Deputy Premier and Minister for State Development, Infrastructure and Planning Jeff Seeney said the development approval was a major milestone for the project.
“The approval for the Parklands redevelopment is an important next step in delivering a project worth an estimated $500 million to the Gold Coast,” Mr Seeney said.
“The 2018 Commonwealth Games will provide a huge boost to construction and tourism on the Gold Coast, as well as lasting legacies for the city.”
More than 1,500 jobs will be created during construction of the village, which has been designed as a mixed-use community development, to be integrated with the existing Gold Coast Health and Knowledge Precinct.
“Building the Commonwealth Games Village delivers on our promise to provide better infrastructure, jobs and prosperity for Queensland families,” Mr Seeney said.

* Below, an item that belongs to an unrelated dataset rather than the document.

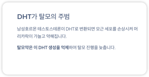 이 DHT가 탈모의 주원인으로, 모근 세포를 손상시켜 머리카락을 가늘고 약하게 만듭니다.

Grocon is set to build the Gold Coast 2018 Commonwealth Games Village on seven hectares of the 29-hectare Parklands site, with a further seven hectares dedicated to parks and open space.
A number of stakeholders were involved in the development application assessment process, including the City of Gold Coast Council, Economic Development Queensland and the Queensland Government Architect.
Commonwealth Games Minister Jann Stuckey welcomed Grocon’s development approval.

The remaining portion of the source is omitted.